** Information supplied **

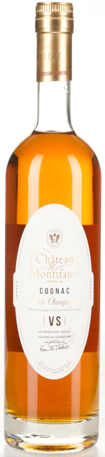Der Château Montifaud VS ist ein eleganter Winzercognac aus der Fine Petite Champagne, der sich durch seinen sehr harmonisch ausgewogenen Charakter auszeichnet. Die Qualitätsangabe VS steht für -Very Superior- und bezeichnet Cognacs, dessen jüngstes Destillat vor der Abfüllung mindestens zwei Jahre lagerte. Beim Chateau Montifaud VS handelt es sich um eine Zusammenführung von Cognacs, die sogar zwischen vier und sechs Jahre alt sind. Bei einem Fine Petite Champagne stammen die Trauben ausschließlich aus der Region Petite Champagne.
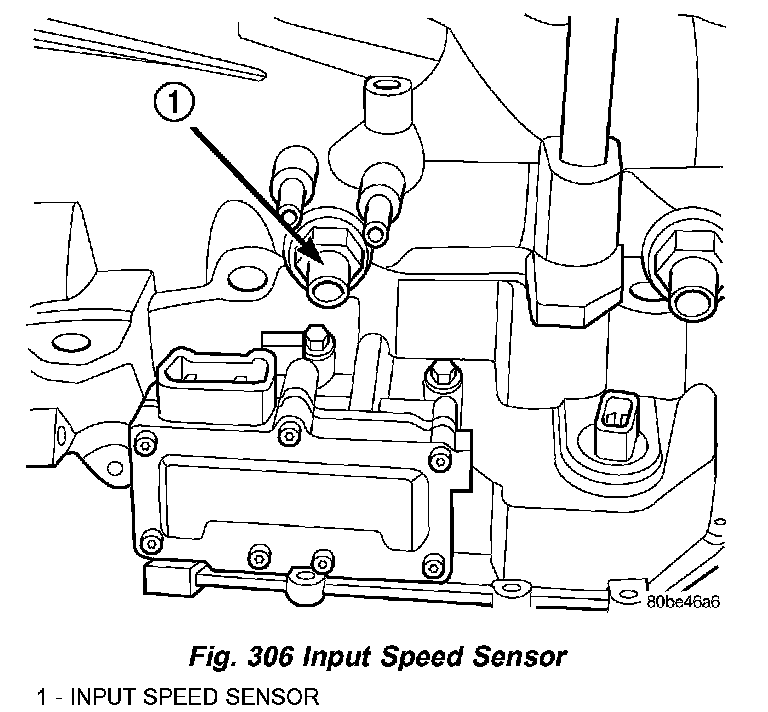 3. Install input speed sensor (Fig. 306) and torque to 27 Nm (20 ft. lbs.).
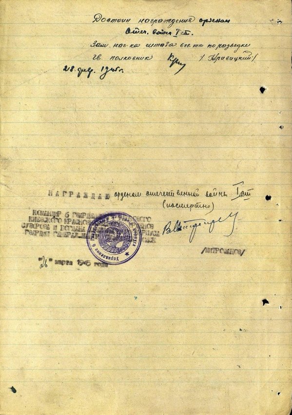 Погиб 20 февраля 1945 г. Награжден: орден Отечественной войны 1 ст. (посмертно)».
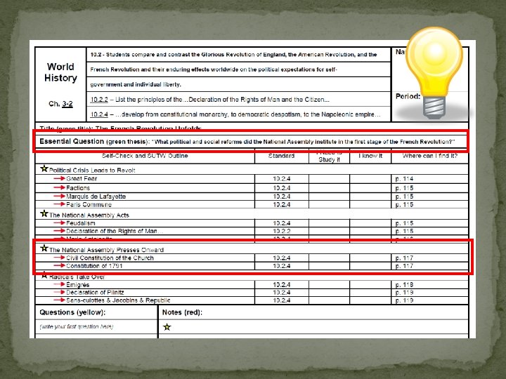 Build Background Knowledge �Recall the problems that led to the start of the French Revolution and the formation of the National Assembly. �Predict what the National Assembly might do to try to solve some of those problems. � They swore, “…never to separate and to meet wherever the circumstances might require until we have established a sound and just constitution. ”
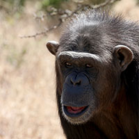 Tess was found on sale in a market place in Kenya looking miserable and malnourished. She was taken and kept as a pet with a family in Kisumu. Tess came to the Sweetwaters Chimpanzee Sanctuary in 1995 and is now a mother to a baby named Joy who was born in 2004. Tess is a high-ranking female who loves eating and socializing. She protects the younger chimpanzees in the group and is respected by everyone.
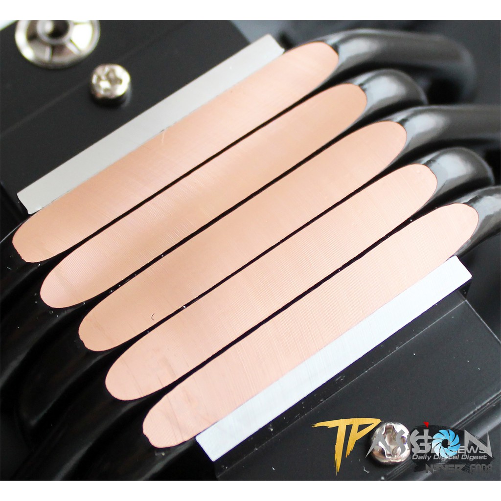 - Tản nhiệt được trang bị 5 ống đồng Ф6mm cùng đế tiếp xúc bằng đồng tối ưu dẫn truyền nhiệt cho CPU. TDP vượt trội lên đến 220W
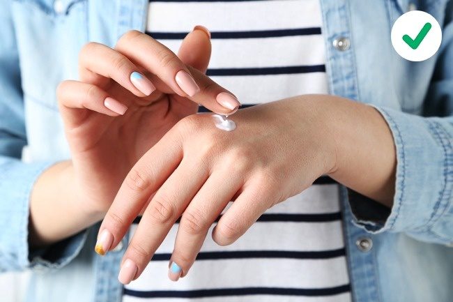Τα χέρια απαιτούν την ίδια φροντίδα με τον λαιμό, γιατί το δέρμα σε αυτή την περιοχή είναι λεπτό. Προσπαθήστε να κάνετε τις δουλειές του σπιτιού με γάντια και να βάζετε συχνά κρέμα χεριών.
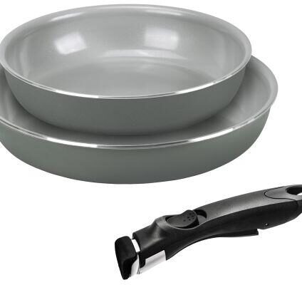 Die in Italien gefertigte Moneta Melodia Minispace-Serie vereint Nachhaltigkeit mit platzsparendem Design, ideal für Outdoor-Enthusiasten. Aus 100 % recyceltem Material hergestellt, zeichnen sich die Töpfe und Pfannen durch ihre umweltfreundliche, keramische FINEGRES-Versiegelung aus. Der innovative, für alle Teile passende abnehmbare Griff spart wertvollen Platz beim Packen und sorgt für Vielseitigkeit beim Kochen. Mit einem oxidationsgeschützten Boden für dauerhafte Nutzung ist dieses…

---

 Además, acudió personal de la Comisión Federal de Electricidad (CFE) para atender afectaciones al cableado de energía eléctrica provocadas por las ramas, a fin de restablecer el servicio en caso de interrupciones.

** Exercise objective **
The lines to reproduce run from the one above containing "- Tản nhiệt" through the one containing "Die in Italien". Copy them exactly and leave out all pictures.

** Your solution **
 - Tản nhiệt được trang bị 5 ống đồng Ф6mm cùng đế tiếp xúc bằng đồng tối ưu dẫn truyền nhiệt cho CPU. TDP vượt trội lên đến 220W
Τα χέρια απαιτούν την ίδια φροντίδα με τον λαιμό, γιατί το δέρμα σε αυτή την περιοχή είναι λεπτό. Προσπαθήστε να κάνετε τις δουλειές του σπιτιού με γάντια και να βάζετε συχνά κρέμα χεριών.
 Die in Italien gefertigte Moneta Melodia Minispace-Serie vereint Nachhaltigkeit mit platzsparendem Design, ideal für Outdoor-Enthusiasten. Aus 100 % recyceltem Material hergestellt, zeichnen sich die Töpfe und Pfannen durch ihre umweltfreundliche, keramische FINEGRES-Versiegelung aus. Der innovative, für alle Teile passende abnehmbare Griff spart wertvollen Platz beim Packen und sorgt für Vielseitigkeit beim Kochen. Mit einem oxidationsgeschützten Boden für dauerhafte Nutzung ist dieses…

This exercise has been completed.